## Example for reproducing GraphCL

In [1]:
from sslgraph.utils import Encoder, EvalSemisupevised, EvalUnsupevised, get_dataset
from sslgraph.contrastive.model import GraphCL

### 1. Semi-supervised learning setting

#### Load dataset

In this example, we evaluate model on NCI1 dataset in the semi-supervised setting.

In [2]:
dataset, dataset_pretrain = get_dataset('NCI1', task='semisupervised')
feat_dim = dataset[0].x.shape[1]
n_class = dataset.num_classes
embed_dim = 128

#### Define your encoder and contrastive model (GraphCL)

For semi-supervised setting, GraphCL uses ResGCN. 

Available augmentation includes: dropN, maskN, permE, subgraph, random[2-4].

In [3]:
encoder = Encoder(feat_dim, embed_dim, n_layers=3, gnn='resgcn')
graphcl = GraphCL(embed_dim, aug_1='dropN', aug_2='dropN')

#### Define evaluatior instance

In this example, we use a label rate of 1%.

To setup configurations (num of epochs, learning rates, etc. for pretraining and finetuning), run


`evaluator.setup_train_config(batch_size = 128,
    p_optim = 'Adam', p_lr = 0.0001, p_weight_decay = 0, p_epoch = 100,
    f_optim = 'Adam', f_lr = 0.001, f_weight_decay = 0, f_epoch = 100)`


In [4]:
evaluator = EvalSemisupevised(dataset, dataset_pretrain, 0.01, n_class)

#### Perform evaluation

You can also perform evaluation with grid search on pre-training epoch and
learning rate by running
``
evaluator.grid_search(learning_model=graphcl, encoder=encoder, 
    p_lr_lst=[0.1,0.01,0.001,0.0001], p_epoch_lst=[20,40,60,80,100])
``

In [5]:
evaluator.evaluate(learning_model=graphcl, encoder=encoder)

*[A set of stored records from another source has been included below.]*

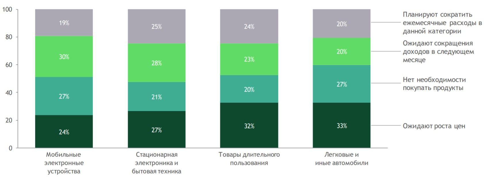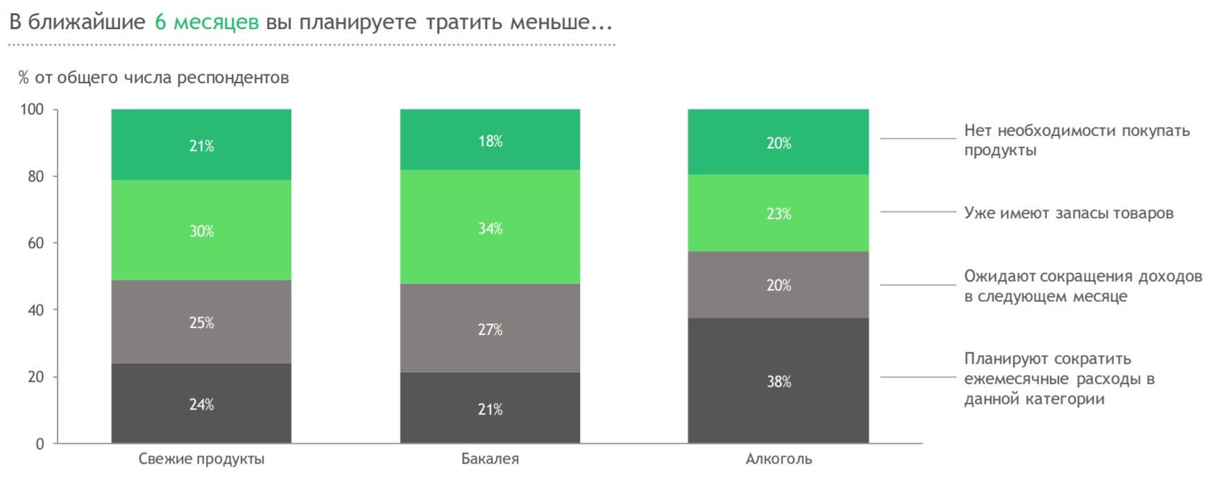 Последние исследования компании BCG и “Ромир” доказывают, что практически все жители страны собираются существенно сократить свои траты в ближайшие несколько месяцев. Экономить россияне будут на всем, включая продукты питания. Как признались сами респонденты, они готовы тратить деньги только на свежие продукты: овощи, фрукты, мясо и рыбу, а также закупать продукты «на черный день». К примеру, в стране резко возрос спрос на гречку, макароны и крупы. Таким образом, россияне стараются пополнить запасы еды, опасаясь дефицита.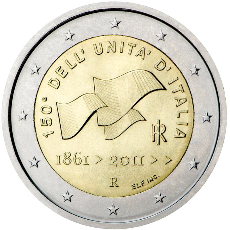 Opis: W środkowej części monety przedstawiono centralnie logo 150. rocznicy zjednoczenia Włoch: trzy trzepoczące flagi, które upamiętniają trzy wcześniejsze pięćdziesięciolecia – 1911, 1961 i 2011 – jako symbol doskonałej więzi pomiędzy pokoleniami. Flagi okala biegnący po półokręgu wzdłuż otoku napis „150° DELL’UNITÀ D’ITALIA” (150. rocznica zjednoczenia Włoch), a z prawej strony znajduje się oznaczenie kraju-emitenta: zachodzące na siebie litery „RI”. Poniżej flag widnieją dwie daty „1861 › 2011 › ›”. Pod nimi umieszczono centralnie znak mennicy „R”, a przy otoku po prawej stronie inicjały artysty rytownika, Ettore Lorenza Frapicciniego, wraz z trzema pierwszymi literami jego zawodu (incisore) – „ELF INC”. W otoku przedstawiono 12 gwiazd Unii Europejskiej.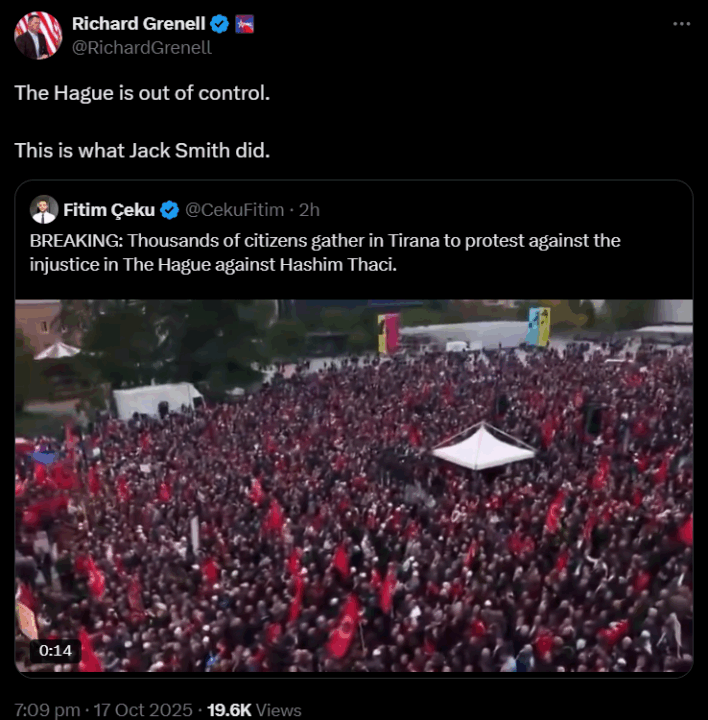 “Kjo është ajo që Jack Smith bëri”, shkruan Grenell duke iu referuar prokurorit që urdhëroi arrestimin e Hashim Thaçit.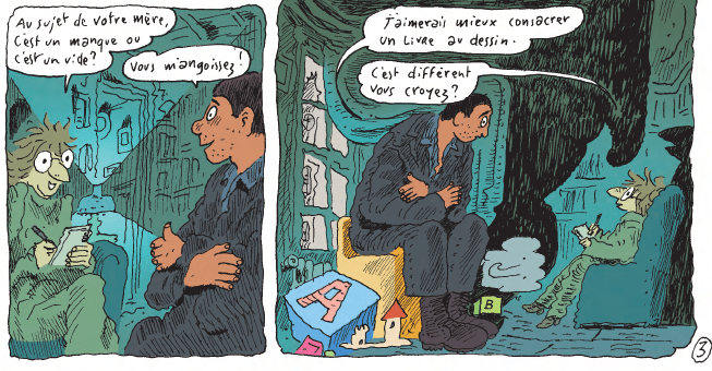 « Un vide, ça se remplit », lui confie son psy. Le seul fait de fabriquer des images permet de remplir ce vide et de créer de nouveaux souvenirs : Joann avoue qu’il accorde ainsi beaucoup d’importance aux images. Cet échange vient aussi en écho d’une conversation, lorsqu’il était plus jeune, avec un rabbin. Peut-on figer le souvenir d’un défunt, de sa propre mère, par une image ? Lorsqu’on s’en remet à une image plutôt qu’au monde, cela ne devient-il pas de l’idolâtrie ? Une image interdit-elle toute forme de dialogue ou de confrontation au monde ? Ou, au contraire, dessiner et surtout raconter (le propre de la bande dessinée) n’est-il pas une forme de liberté, d’ouverture et de compréhension du monde qui nous entoure ? Finalement, n’est-ce pas là une forme de thérapie ?…

Pretraining: epoch 100: 100%|██████████| 100/100 [09:03<00:00,  5.43s/it, loss=0.831101]
Fold 1, finetuning: 100%|██████████| 100/100 [00:16<00:00,  6.23it/s, acc=0.5888, val_loss=2.5162]
Fold 2, finetuning: 100%|██████████| 100/100 [00:14<00:00,  7.00it/s, acc=0.6399, val_loss=7.7734]
Fold 3, finetuning: 100%|██████████| 100/100 [00:15<00:00,  6.41it/s, acc=0.5207, val_loss=3.1536]
Fold 4, finetuning: 100%|██████████| 100/100 [00:16<00:00,  6.16it/s, acc=0.6131, val_loss=3.7445]
Fold 5, finetuning: 100%|██████████| 100/100 [00:14<00:00,  7.00it/s, acc=0.5888, val_loss=2.7536]
Fold 6, finetuning: 100%|██████████| 100/100 [00:16<00:00,  6.21it/s, acc=0.6229, val_loss=1.5371]
Fold 7, finetuning: 100%|██████████| 100/100 [00:15<00:00,  6.29it/s, acc=0.6229, val_loss=1.9644]
Fold 8, finetuning: 100%|██████████| 100/100 [00:15<00:00,  6.64it/s, acc=0.6302, val_loss=2.1328]
Fold 9, finetuning: 100%|██████████| 100/100 [00:15<00:00,  6.25it/s, acc=0.6156, val_loss=2.0700]
Fold 10, finetuning:

(0.6282238960266113, 0.04049957916140556)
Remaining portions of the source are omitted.